神童の家に遊びに来た俺は部屋に入ると一番最初にそういった。神童は特に気にもとめず、何事もないかのようにソファに座った。

「そうか、じゃあ俺もお前のことが嫌いだ。大嫌い」
「俺はそれ以上に嫌いだけどな。横に座りたくもない」

俺も神童と同じようにお互いのいったことを気にもとめず神童の横に座った。

「俺もそれ以上にお前が嫌いだ。お前になんか触れたくもない」

そういって神童は横にいる俺の手を握った。

「ああ、俺もだ」

俺は神童の手を握り返した。

「俺はお前のことを拓人なんて呼びたくないし、お前に蘭丸と呼ばれたくもない」
「俺はお前が居ないと生きていけないわけじゃない。

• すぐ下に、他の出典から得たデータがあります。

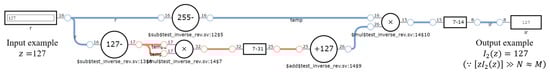 Overview of circuit example of proposed algorithm (no iteration) using Verilog (visualization created using https://digitaljs.tilk.eu (accessed on 14 May 2024)) [32].
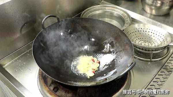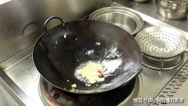 食材全部准备好,锅内烧油,油热以后倒入葱姜蒜小米椒爆香。
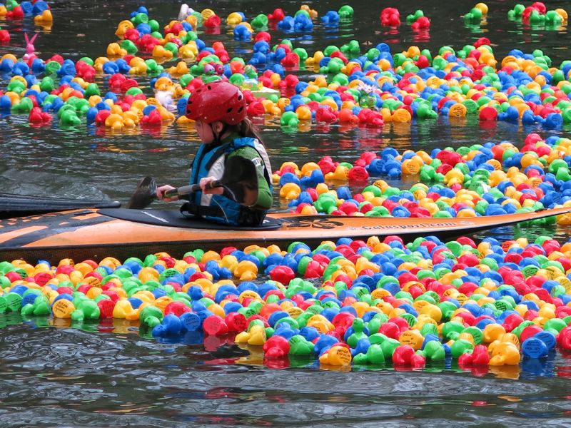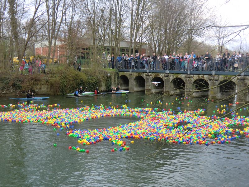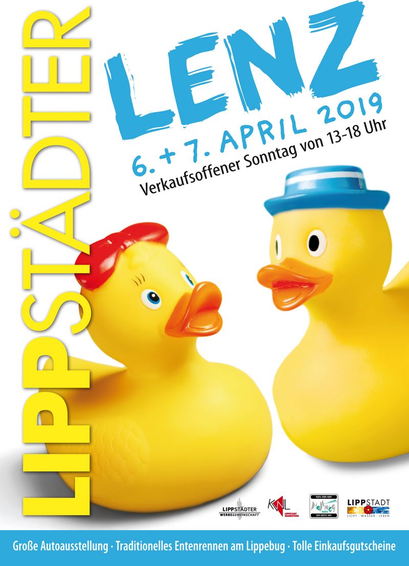 Nervenkitzel, gute Laune und Geselligkeit – wer all dies auf einmal erleben möchte, der schlendert zum Abschluss des Lippstädter Lenz am Sonntag, 7. April zum Lippebug. Denn hier liefern sich einige Tausend Enten ein erbittertes Rennen um die vorderen Plätze. Bei dem Federvieh handelt es sich – Kenner der Szene wissen es – um farbige Plastiktierchen, die auf den Wellen tanzend und von der Strömung getrieben dem Ziel entgegen schaukeln. Die Enten wurden von ihren Besitzern, den Kunden der Lippstädter Werbegemeinschaft angeschlossenen Geschäften, in den Wettbewerb entlassen. Schließlich winken attraktive Preise. Schätzungsweise 12.000 Entchen werden ins Wasser gelassen und von der DLRG, dem THW und dem WSC auf ihrer Reise begleitet. Von dort aus streben sie dem Zielstrich entgegen. Der Startschuss fällt um 18.45 Uhr. Zuvor bringt das Duo „2 Old to die Young“ die Zuschauer und Entenbesitzer musikalisch in Schwung. Daniel Romberg, einer der beiden Musiker des Duos, übernimmt dann auch die Moderation des Entenrennens.
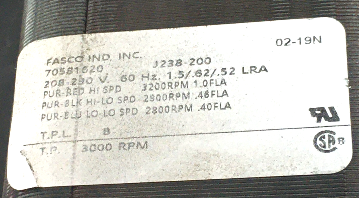 This is FASCO 70581620 Goodman 0131G00001 Furnace Draft Inducer Motor J238-200 208/230V 3000 RPM used part.
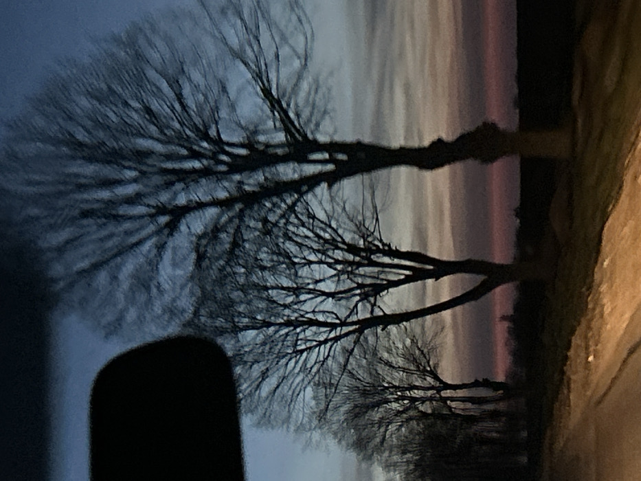 The scene captures an exterior view from a vehicle in Bezvoditsa, Bulgaria, during twilight hours. A dark, rounded rearview mirror obstructs the upper left portion of the frame. Dominating the middle ground are several silhouetted deciduous trees, bare of foliage, indicating a non-foliage season. The sky exhibits a gradient of color, from deep blue-grey overhead to a distinct band of pink and purple transitioning into red along the horizon. The distant landscape below the horizon appears as a dark, level expanse. A segment of a road, illuminated by a warm, yellow light source, occupies the lower left foreground. No individuals or specific activities are discernible.
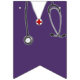 Unique doctor party decoration featuring creative purple hospital scrubs and stripes.
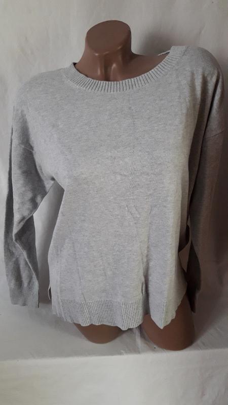 Приємний до тіла джемпер. Колір світло-сірий. Без дефектів. Розмір Л. Орієнтуйтеся на заміри . Довжина 57 рукав від горловини 66 ПОГ 48-51 Запитуйте буду рада відповісти на всі ваші запитання!!!
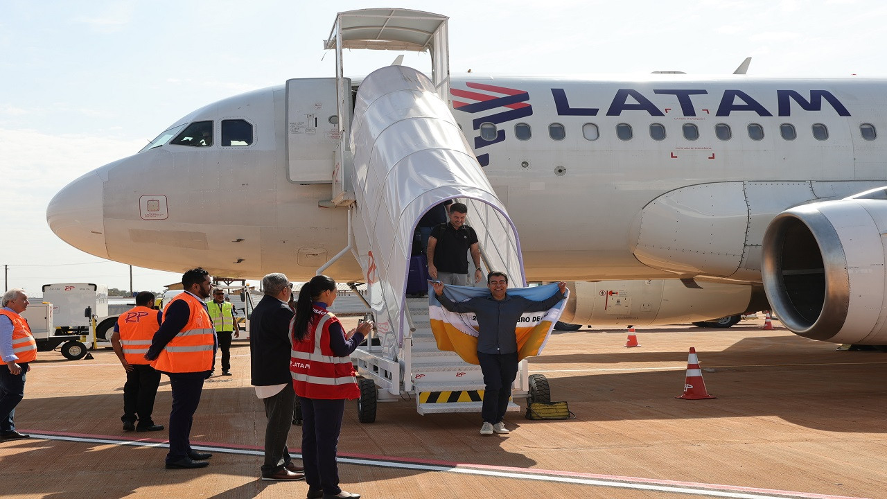 Dourados viveu nesta segunda-feira (8) um momento histórico. Após mais de quatro anos de espera, o Aeroporto Regional Francisco de Matos Pereira voltou a receber voos comerciais regulares e o melhor: ligando o município aos principais destinos do Brasil e do mundo. O primeiro pouso da Latam Airlines ocorreu às 8h25, com cerca de 90% de ocupação. A aeronave Airbus A319, com capacidade para 144 passageiros, decolou de volta para o Aeroporto Internacional de Guarulhos às 9h40, conectando novamente a cidade ao maior hub aéreo da América Latina.
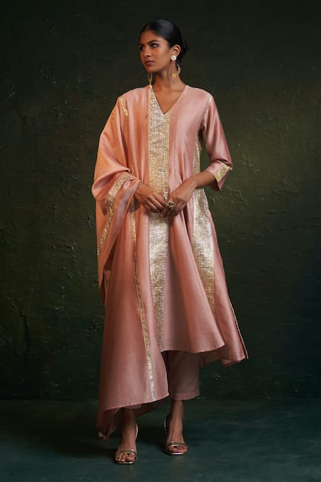 Pink Chanderi, , Satin Gota Patti Crinkled Paneled Anarkali Set
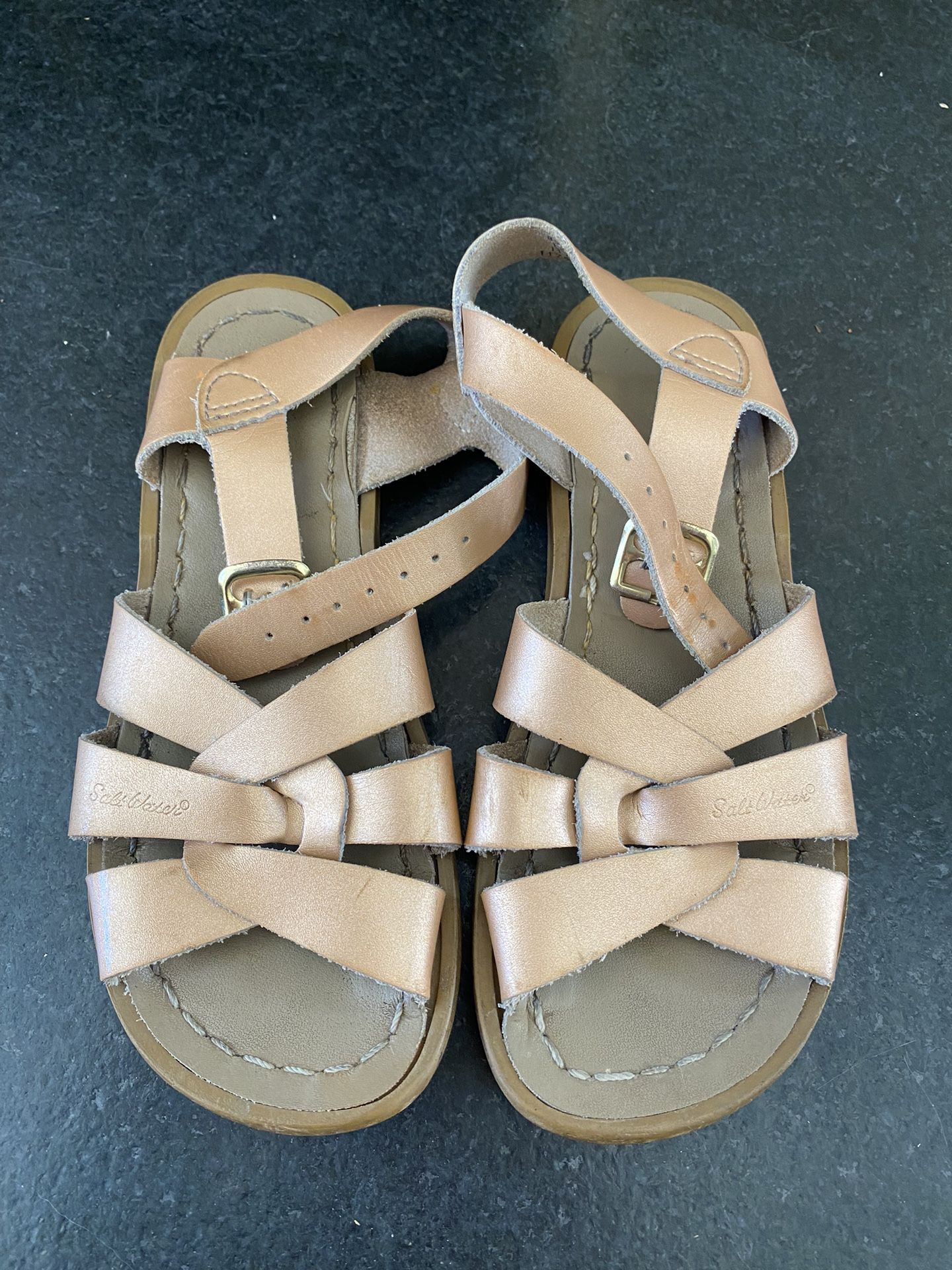 Kids size 12 saltwater sandals in rose gold

だからいつも側に居ないでほしい」

神童は少し座る位置をずらした。俺との距離が少し近くなる。

「拓人、近い。もっと離れて」
「分かってる。なぁ蘭丸、俺はお前に毎日会いたくない」
「俺も毎日会いたくない。拓人の顔なんか見たくない。こっち向くな」
「・・・お前にキスなんてしたくない」
「もちろん。俺もだよ」
「大嫌い。蘭丸」
「大嫌い。拓人」

見つめ合って俺たちは口付けた。

好き。大好き。
君の横に座っていたい。
君に触れたい。
君に名前で呼んでほしい。
君が居ないと生きていけない。
だからずっと側に居て。
もっと俺の近くに居て。
離れてっていっても離れてやらないよ。
俺は君に毎日会いたいの。
君の顔が見たいの。
こっちを向いて。
君にキスがしたいな。
やっぱ大好き。

エイプリルフール・・・。
俺たちはこうして愛を確かめ合う。


『愛ある嘘はついてもいいの』
(いつも素直にいえない)
(だから今日はいっぱい嘘をつくんだ)
(天邪鬼な自分に少し感謝)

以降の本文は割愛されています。